Material shown

____________

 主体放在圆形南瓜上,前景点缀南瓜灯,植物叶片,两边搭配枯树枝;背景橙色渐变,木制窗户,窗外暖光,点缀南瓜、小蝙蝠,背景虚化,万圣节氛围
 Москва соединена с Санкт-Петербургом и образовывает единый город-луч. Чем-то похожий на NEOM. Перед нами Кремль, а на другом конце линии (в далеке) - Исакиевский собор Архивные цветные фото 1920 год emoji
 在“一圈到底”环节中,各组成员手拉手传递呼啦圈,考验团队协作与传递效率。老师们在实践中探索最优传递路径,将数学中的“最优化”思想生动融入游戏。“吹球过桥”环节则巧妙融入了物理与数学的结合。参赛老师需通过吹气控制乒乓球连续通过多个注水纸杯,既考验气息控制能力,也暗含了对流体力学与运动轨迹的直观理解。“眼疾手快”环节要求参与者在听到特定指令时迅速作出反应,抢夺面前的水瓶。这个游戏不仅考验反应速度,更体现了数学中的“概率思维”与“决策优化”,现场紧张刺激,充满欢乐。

____________

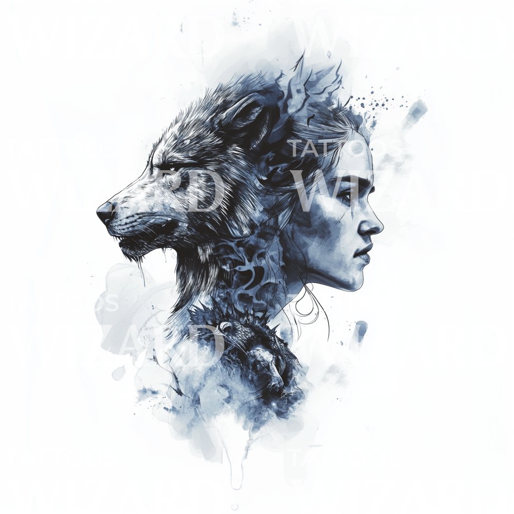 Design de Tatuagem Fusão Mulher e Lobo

____________

Required work
Everything above from the line containing "主体放在圆形南瓜上,前景点缀" down to the line containing "Москва соединена с" is to be transcribed exactly, with both of those lines included and nothing else added.

Expected answer
 主体放在圆形南瓜上,前景点缀南瓜灯,植物叶片,两边搭配枯树枝;背景橙色渐变,木制窗户,窗外暖光,点缀南瓜、小蝙蝠,背景虚化,万圣节氛围
 Москва соединена с Санкт-Петербургом и образовывает единый город-луч. Чем-то похожий на NEOM. Перед нами Кремль, а на другом конце линии (в далеке) - Исакиевский собор Архивные цветные фото 1920 год emoji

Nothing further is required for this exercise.